People we spoke with said everything always looked clean. People confirmed that the dentists and nurses always offered them glasses to protect their eyes during treatment. We were told the dentists wore these themselves and that he always wore disposable gloves.

People told us, “The dentist I see is extremely gentle and professionally he is exceptionally good." Another person told us. “I am a very nervous patient actually I’m petrified visiting the dentist. I come here because they are brilliant. They talk to me all the time to distract me, the nurse even holds my hand which is so reassuring.”

We asked if there was anything else people would like to tell us about the surgery. One person said, “I would like to say that I like the fact that there is a seven day service, you don’t often find that. You are treated with the same dignity and respect if you are national health or a private patient.”

We asked dental staff how the surgery decides on a treatment plan with a person. We were told this would depend on the oral health assessment that is completed at the start of each course of treatment. We were shown a completed assessment and the dentist showed us a treatment plan on the computer in his treatment room. People we spoke with told us everything was always explained to them. One person told us "If there are any treatment options we discuss these and make a decision together.”

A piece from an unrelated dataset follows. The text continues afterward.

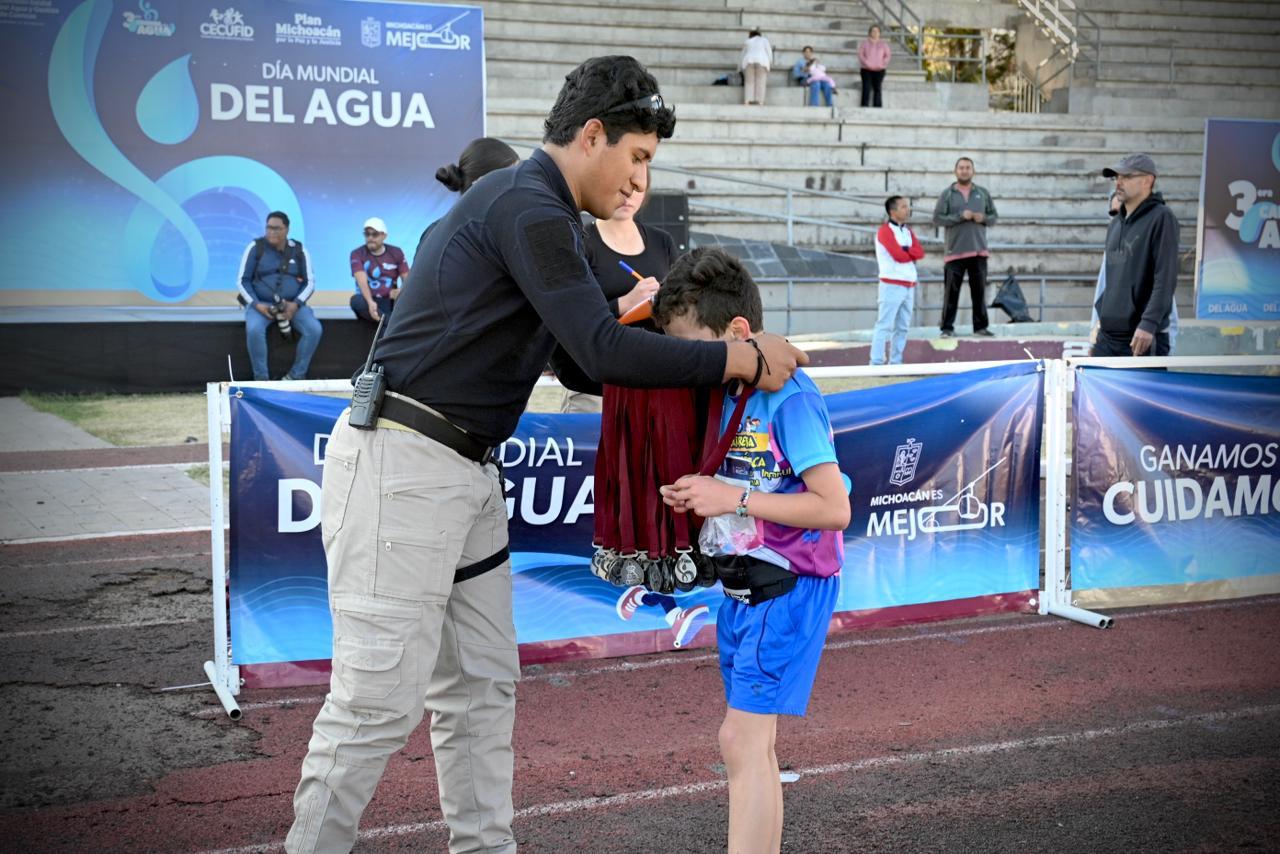 Morelia, Michoacán, 21 de marzo de 2026.- En el marco del Día Mundial del Agua, la Comisión Estatal del Agua y Gestión de Cuencas (Ceac) llevó a cabo la Tercera Carrera Por el Agua, jornada deportiva que reunió a 500 participantes de todas las edades en la Unidad Deportiva Venustiano Carranza.

Staff spoken with told us that they had attended training in the decontamination of equipment and infection control. Staff said they felt confident with this procedure. We observed the decontamination process and the nurse described how the equipment was monitored to ensure it was working efficiently. We did find some out of date packages of instruments and the nurse took immediate action to re-sterilise these, so there was no risk to patients.

We looked at the records held on staff including their personal information and saw that this could be stored more securely. The manager and dentist said they would move records to a lockable cabinet to maintain confidentiality.

The practice does not currently undertake a survey of patient’s views of the service they receive. We discussed this with the manager who said that she was looking at introducing a ‘comments box’ into the waiting room.

We asked if people had ever had to make a complaint. People we spoke with said they would speak to the dentist if they were unhappy with anything but had never had cause to do this.